Earlier this year the Centre for Economics and Business Research produced a report into what it called the ‘flat-white’ economy. The report claims that this is now the most important sector in the UK in terms of the value it adds to the economy, contributing over 14 percent of Gross Value Added (GVA), a rarefied but essential economic measure defined by the ONS as the “value generated by any unit engaged in the production of goods and services”.

The number tells us an awful lot about the makeup and direction of travel of the British economy right now and it has profound implications for the way we view and use workplaces. That is because the flat-white sector consists of smaller technology and creative businesses and boasted a GVA of only 8.7 percent as recently as 2013, according to CEBR. The main driver of value in the modern economy is an army of small firms in 21st Century business domains.  

The name given to these firms in the report is a dead giveaway about how they work. It reflects the idea that although they cluster in tech and creative hotspots, especially those that are home to both their own contemporaries and the larger firms with whom they would like to work and link up, they are unable to afford the costs and commitments of occupying space on a longer term basis. And so, they reverted all too often to the coffee shops that gave them their name.

More recently, however, they have started to adopt coworking as their natural habitat, although the social nature of coworking spaces may make a name change unnecessary. Indeed, many of the characteristics of coffee shops enjoyed by such businesses are apparent in coworking spaces.

It’s no coincidence that the flat white sector has grown hand in hand with coworking.

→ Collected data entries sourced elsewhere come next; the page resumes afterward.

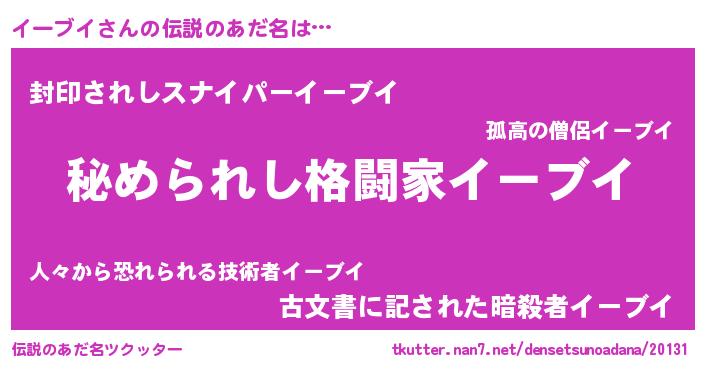 | ヒーロー風カッコイイあだ名 | 『ウルトライーブイマン』『ネオイーブイ』 |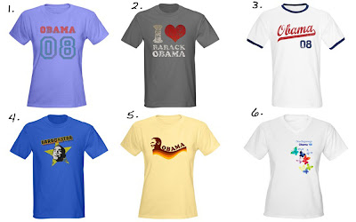 1. Vintage Women’s Shirt, $27. 2. I love Barack Obama Shirt, $27. 3. Team Obama Ringer Tee, $21. 4. BarackStar T, $23. 5. Barack Obama Women’s Light T, $19. 6. Obama Shops Women’s V-Neck T, $19.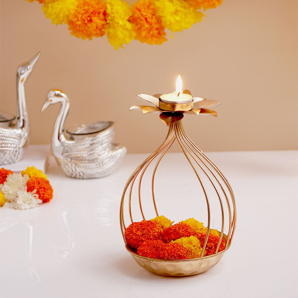 Bring in festive vibes with beautifully crafted diyas, candles, torans, rangoli sets, wall hangings, idols, and other décor essentials. Each piece adds a touch of elegance, light, and positivity to your living spaces during Diwali celebrations.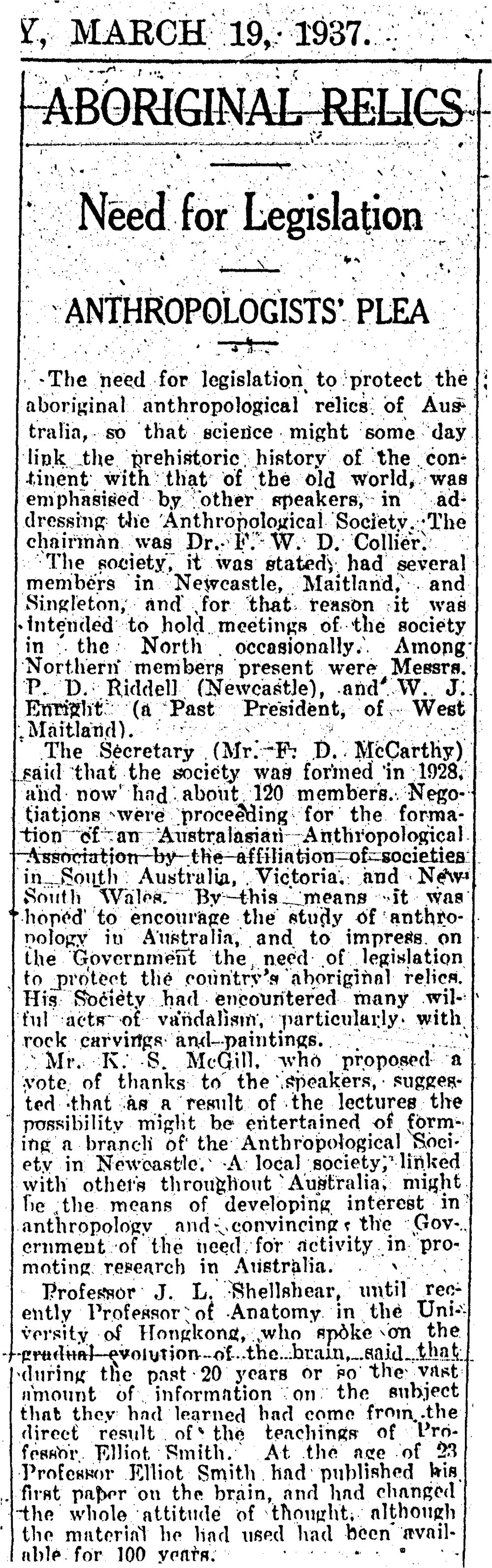 Aboriginal Relics. Need for Legislation. Anthropologists' Plea, [nmhmar1937]. Living Histories, accessed 02/04/2026, https://livinghistories.newcastle.edu.au/nodes/view/57722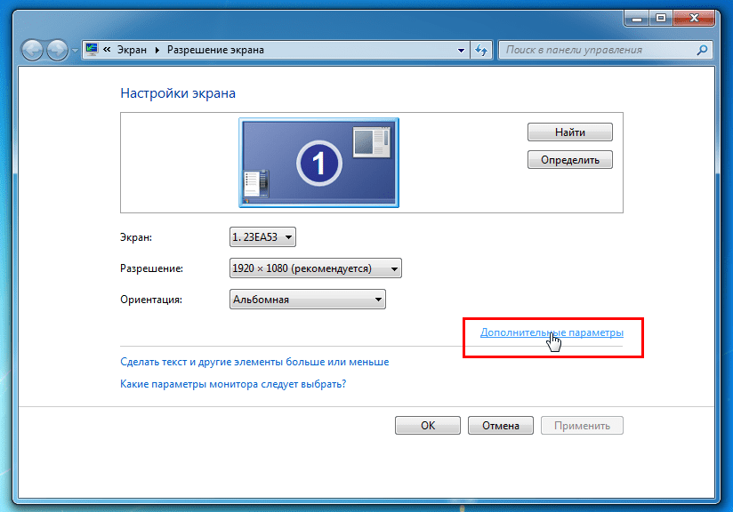 Начиная с Windows 7 такая возможность недоступна. «Повезти» может только владельцам старых видеокарт, ПО которых еще предусматривает такую возможность. Убедиться поддерживается или не поддерживается драйвером графического ускорителя эта функция можно, выполнив следующие действия. Используем приведенную на скриншоте команду, чтобы открыть параметры экрана.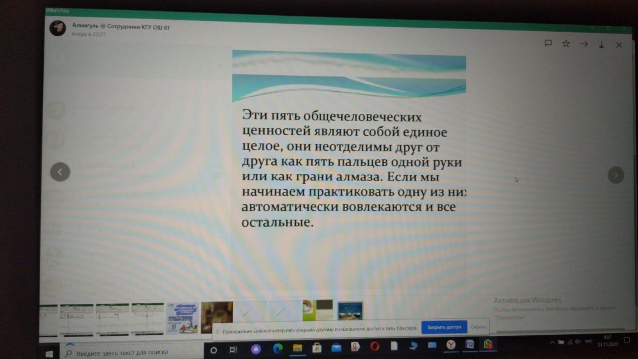 23 ноябрь 2020 0 1 2 3 4 5 "Жалпыадамзаттық құндылықтар - бақытты өмірдің негізі"/" Общечеловеческие ценности - основа счастливой жизни" 23 қарашада әр ауысымда 1-11 сыныптардан бастап" жалпыадамзаттық құндылықтар - бақытты өмірдің негізі" тақырыбында республикалық сынып сағаты өтті. 23 ноября в каждой смене прошел Республиканский классный час на тему:" Общечеловеческие ценности - основа счастливой жизни" с 1 - 11 классы. Осы беттің QR-коды:QR-код этой страницы: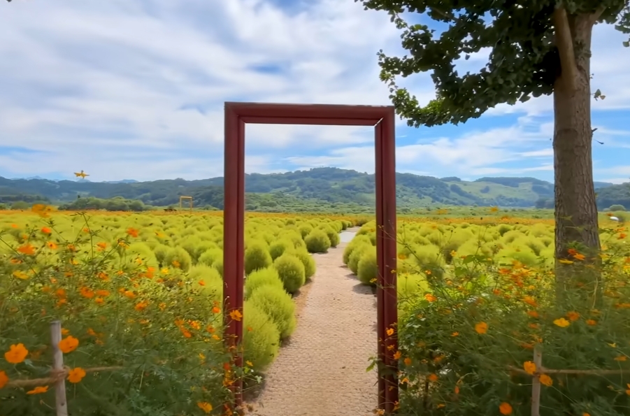 황화코스모스, 백일홍, 메리골드 등 가을꽃도 풍성하게 피어 있어 어느 자리에서나 인생샷을 남길 수 있습니다. 곳곳의 나무 프레임과 그네 의자는 인기 포토존이에요.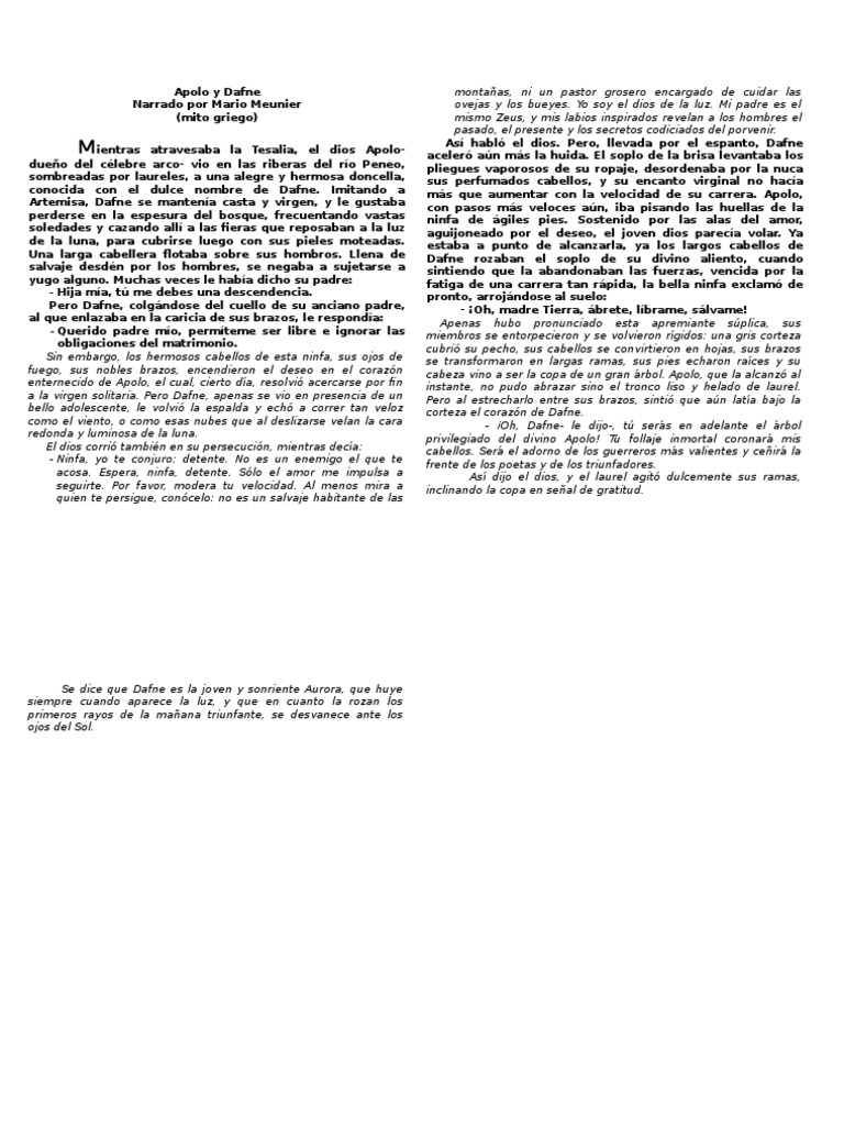 As "abl1 el dios# !ero, llevada por el espanto, Dafne

In 2013, as the flat white economy was making its presence felt, the number of coworking spaces worldwide was 2,500 with 110,000 members according to Deskmag. According to data compiled by Statista, by 2022 there will be 5.1 million co-workers in the world and London now has nearly 1 million sq. ft. of office space dedicated to coworking. According to broker Office Freedom, a new coworking space opens in London every 5 days on average.

Flat white firms are attracted to such spaces by many of the features that drew them to Starbucks but with added networking potential, greater stability, an improved image and access to more spaces and more facilities. For those that have made the transition from café to coworking, it’s no surprise to find that many of the forms and functions that have nurtured them are to be found in both. 

These include a greater sense of community, affordability, flexibility, a great environment, a great experience and – it should go without saying – great coffee. One of the most important of these is the sense of connection with other people. In a world in which it is perfectly possible to work from home, it is telling that people still prefer to be around others.

So, whether in a café, coworking space or more traditional office, we are seeing a greater increase in the number of communal spaces that bring people together in both informal and formal ways. Here they can share ideas and information, develop relationships and bond around common goals and cultures.

According to a report in the Harvard Business Review, people who work in coworking spaces report levels of thriving of around 6 on a 7-point scale, which is slightly over a point higher than the average for employees who do their jobs in traditional offices. So, it’s no wonder that organisations want to replicate this kind of result in their own offices.

This is having its own effect on more traditional spaces, which are increasingly coming to resemble cafes and coworking spaces as well as homes, hotels and lounges. We are seeing a growing number of products designed specifically to create these hybrid spaces, combining the best features of the office and other types of space. 

The very best modern office design principles have a clear relationship with those of the coffee houses that nurtured the flat white sector and transformed it into such a dynamic element of the economy. The ideas behind this are now applied in new and exciting ways in offices all over the world. And just as flat white firms have colonised coworking spaces and other workplaces, they have brought new ideas with them that are reshaping our relationship with work and the places we do it.